> _WORK TO BE COMPLETED_:
The material below is to be copied exactly from the line with "据EqualOcean不完全" up to and including the line with "法轮功学员在曼哈顿的集市上摆设展位,传播真相", with nothing else kept and no pictures.

> _WORKING DATA_:
+ + +

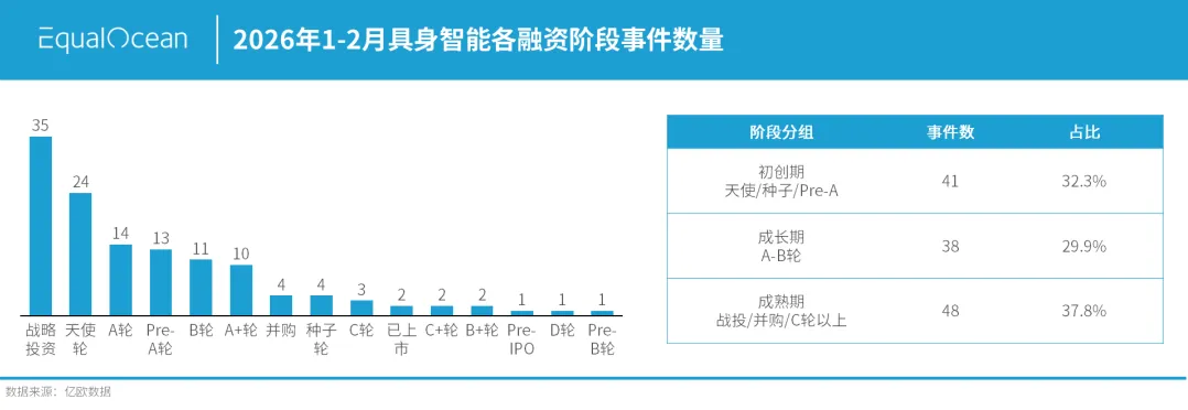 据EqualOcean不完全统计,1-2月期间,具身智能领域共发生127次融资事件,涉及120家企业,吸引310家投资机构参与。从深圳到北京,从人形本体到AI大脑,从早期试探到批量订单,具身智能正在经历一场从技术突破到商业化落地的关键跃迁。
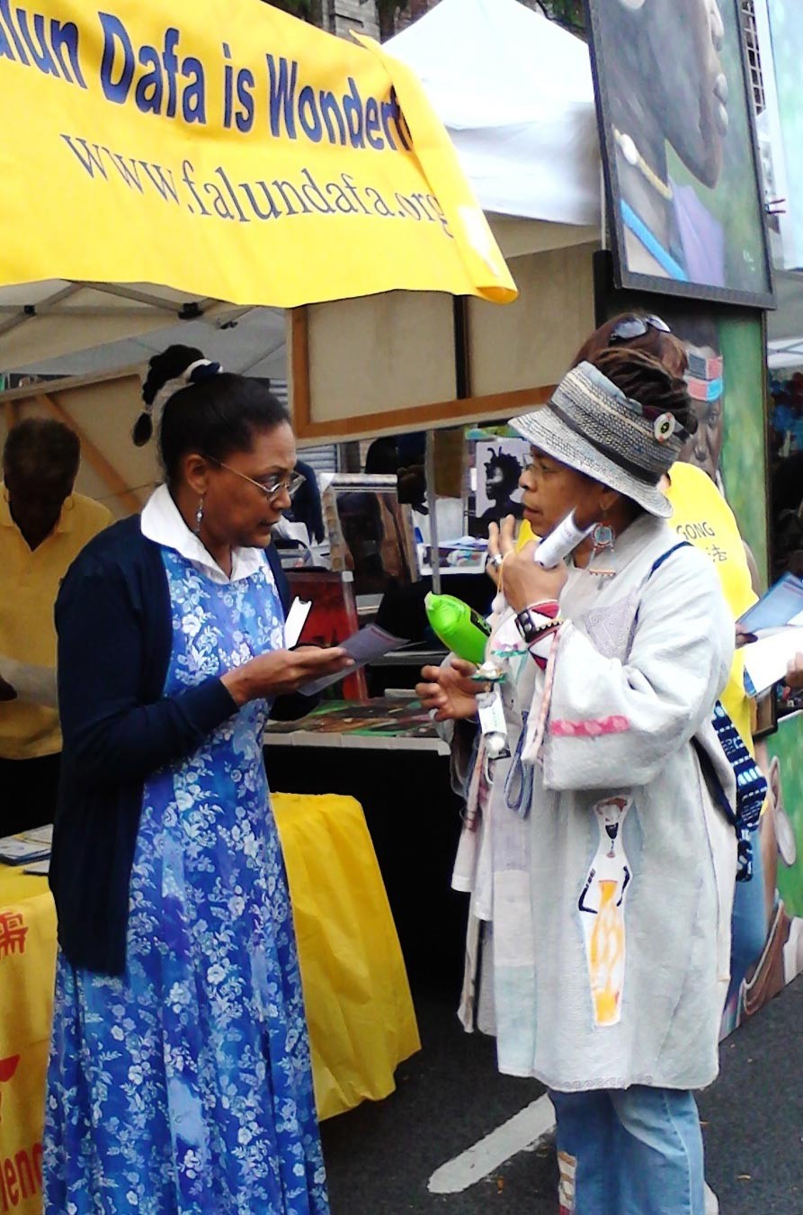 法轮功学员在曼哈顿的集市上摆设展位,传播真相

+ + +

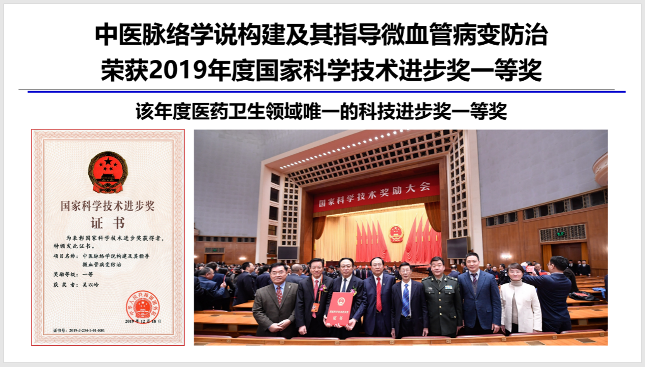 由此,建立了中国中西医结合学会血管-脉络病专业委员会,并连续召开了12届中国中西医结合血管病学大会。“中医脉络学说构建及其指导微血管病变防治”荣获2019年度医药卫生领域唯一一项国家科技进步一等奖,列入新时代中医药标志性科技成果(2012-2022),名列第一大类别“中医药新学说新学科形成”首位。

+ + +

> _COMPLETED EXERCISE_:
 据EqualOcean不完全统计,1-2月期间,具身智能领域共发生127次融资事件,涉及120家企业,吸引310家投资机构参与。从深圳到北京,从人形本体到AI大脑,从早期试探到批量订单,具身智能正在经历一场从技术突破到商业化落地的关键跃迁。
 法轮功学员在曼哈顿的集市上摆设展位,传播真相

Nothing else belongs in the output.